*** Opening of Listed entries ***

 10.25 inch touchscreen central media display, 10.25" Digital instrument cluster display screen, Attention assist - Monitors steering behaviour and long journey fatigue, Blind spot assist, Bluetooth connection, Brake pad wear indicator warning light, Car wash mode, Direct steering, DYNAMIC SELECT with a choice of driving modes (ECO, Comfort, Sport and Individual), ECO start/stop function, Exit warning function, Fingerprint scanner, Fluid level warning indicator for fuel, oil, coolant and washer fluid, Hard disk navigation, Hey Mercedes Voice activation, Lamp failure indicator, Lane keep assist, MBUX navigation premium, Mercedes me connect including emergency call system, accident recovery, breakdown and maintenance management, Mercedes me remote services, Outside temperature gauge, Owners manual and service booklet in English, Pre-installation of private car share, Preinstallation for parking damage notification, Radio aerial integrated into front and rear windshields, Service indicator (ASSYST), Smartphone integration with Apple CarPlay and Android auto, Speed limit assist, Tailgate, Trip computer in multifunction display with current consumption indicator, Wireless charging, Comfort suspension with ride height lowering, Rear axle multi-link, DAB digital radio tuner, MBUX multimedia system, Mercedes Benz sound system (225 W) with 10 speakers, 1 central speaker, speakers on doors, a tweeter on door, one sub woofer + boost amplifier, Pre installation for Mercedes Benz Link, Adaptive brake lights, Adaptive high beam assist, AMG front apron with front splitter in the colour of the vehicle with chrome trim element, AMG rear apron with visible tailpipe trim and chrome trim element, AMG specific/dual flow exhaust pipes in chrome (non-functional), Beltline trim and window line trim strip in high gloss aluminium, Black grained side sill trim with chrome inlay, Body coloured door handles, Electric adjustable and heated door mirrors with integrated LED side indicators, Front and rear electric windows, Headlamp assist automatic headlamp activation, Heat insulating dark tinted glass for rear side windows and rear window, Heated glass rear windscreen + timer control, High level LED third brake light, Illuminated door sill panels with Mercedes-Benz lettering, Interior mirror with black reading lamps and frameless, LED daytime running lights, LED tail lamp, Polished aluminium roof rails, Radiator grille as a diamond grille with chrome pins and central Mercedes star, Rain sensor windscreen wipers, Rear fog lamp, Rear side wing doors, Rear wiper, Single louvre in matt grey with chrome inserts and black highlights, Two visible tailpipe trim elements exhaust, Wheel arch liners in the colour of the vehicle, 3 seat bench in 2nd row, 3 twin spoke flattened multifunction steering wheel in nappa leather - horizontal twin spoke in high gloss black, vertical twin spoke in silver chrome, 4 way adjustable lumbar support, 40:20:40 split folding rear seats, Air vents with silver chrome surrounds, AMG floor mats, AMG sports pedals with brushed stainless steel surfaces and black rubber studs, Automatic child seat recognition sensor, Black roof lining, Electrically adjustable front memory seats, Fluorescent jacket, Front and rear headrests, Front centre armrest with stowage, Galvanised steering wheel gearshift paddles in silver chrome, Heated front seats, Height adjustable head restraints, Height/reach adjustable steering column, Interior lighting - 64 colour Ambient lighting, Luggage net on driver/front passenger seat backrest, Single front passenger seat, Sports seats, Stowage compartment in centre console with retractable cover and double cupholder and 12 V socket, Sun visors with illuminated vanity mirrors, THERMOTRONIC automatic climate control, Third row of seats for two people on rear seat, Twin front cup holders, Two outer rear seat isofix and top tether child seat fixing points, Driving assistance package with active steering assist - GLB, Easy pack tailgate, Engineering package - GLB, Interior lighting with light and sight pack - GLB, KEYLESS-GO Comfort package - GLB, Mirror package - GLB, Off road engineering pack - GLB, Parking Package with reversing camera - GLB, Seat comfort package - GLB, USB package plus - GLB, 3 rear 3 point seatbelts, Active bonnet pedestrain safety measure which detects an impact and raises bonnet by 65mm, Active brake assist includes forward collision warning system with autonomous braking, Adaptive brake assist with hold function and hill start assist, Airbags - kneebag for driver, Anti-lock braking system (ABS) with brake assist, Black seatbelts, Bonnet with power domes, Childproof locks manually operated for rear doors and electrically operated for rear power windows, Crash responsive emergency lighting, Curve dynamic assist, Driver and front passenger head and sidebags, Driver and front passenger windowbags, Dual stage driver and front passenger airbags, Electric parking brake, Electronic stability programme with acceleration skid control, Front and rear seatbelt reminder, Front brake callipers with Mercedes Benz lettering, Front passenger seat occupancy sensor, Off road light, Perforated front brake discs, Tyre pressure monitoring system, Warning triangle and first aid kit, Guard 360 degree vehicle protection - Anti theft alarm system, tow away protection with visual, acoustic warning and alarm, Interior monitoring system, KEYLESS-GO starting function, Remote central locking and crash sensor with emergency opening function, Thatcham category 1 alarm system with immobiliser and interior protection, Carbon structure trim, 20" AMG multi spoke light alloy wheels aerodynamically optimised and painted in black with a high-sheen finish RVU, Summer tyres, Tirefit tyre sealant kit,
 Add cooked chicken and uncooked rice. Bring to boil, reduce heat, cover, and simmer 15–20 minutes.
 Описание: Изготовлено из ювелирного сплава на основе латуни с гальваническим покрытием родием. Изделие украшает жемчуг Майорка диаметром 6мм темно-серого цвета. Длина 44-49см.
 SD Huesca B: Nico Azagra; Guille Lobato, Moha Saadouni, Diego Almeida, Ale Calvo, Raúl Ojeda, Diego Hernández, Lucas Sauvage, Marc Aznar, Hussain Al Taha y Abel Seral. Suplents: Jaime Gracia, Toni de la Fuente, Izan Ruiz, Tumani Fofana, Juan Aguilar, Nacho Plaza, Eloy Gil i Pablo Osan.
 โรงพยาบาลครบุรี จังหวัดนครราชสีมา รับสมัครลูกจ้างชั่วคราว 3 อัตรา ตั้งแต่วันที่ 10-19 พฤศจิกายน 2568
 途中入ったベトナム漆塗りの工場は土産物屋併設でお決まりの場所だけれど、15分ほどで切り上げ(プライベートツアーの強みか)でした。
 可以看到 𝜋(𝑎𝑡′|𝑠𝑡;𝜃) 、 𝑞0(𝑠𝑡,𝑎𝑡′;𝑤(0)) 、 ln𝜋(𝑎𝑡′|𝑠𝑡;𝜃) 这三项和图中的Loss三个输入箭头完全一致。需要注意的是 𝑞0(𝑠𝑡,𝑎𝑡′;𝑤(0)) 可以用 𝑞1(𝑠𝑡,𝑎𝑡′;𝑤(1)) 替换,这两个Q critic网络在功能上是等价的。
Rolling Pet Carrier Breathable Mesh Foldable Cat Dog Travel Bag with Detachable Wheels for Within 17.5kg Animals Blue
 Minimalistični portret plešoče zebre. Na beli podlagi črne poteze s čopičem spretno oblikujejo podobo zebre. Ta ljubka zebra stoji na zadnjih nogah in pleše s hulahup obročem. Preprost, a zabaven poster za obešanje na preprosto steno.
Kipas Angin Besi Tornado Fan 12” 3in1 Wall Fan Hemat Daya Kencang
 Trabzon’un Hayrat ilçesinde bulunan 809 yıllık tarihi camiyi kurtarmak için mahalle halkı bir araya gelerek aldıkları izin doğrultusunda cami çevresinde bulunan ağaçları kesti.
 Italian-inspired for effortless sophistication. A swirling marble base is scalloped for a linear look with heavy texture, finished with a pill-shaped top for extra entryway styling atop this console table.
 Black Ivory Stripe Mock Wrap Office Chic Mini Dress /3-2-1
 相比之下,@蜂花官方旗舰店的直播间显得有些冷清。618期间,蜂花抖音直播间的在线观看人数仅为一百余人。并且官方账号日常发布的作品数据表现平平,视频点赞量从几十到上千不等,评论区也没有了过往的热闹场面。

*** Close of Listed entries ***

About this task:
Only the lines from the one containing "Minimalistični portret plešoče" to the end of the listing belong in the output, each reproduced exactly.

Your response:
 Minimalistični portret plešoče zebre. Na beli podlagi črne poteze s čopičem spretno oblikujejo podobo zebre. Ta ljubka zebra stoji na zadnjih nogah in pleše s hulahup obročem. Preprost, a zabaven poster za obešanje na preprosto steno.
Kipas Angin Besi Tornado Fan 12” 3in1 Wall Fan Hemat Daya Kencang
 Trabzon’un Hayrat ilçesinde bulunan 809 yıllık tarihi camiyi kurtarmak için mahalle halkı bir araya gelerek aldıkları izin doğrultusunda cami çevresinde bulunan ağaçları kesti.
 Italian-inspired for effortless sophistication. A swirling marble base is scalloped for a linear look with heavy texture, finished with a pill-shaped top for extra entryway styling atop this console table.
 Black Ivory Stripe Mock Wrap Office Chic Mini Dress /3-2-1
 相比之下,@蜂花官方旗舰店的直播间显得有些冷清。618期间,蜂花抖音直播间的在线观看人数仅为一百余人。并且官方账号日常发布的作品数据表现平平,视频点赞量从几十到上千不等,评论区也没有了过往的热闹场面。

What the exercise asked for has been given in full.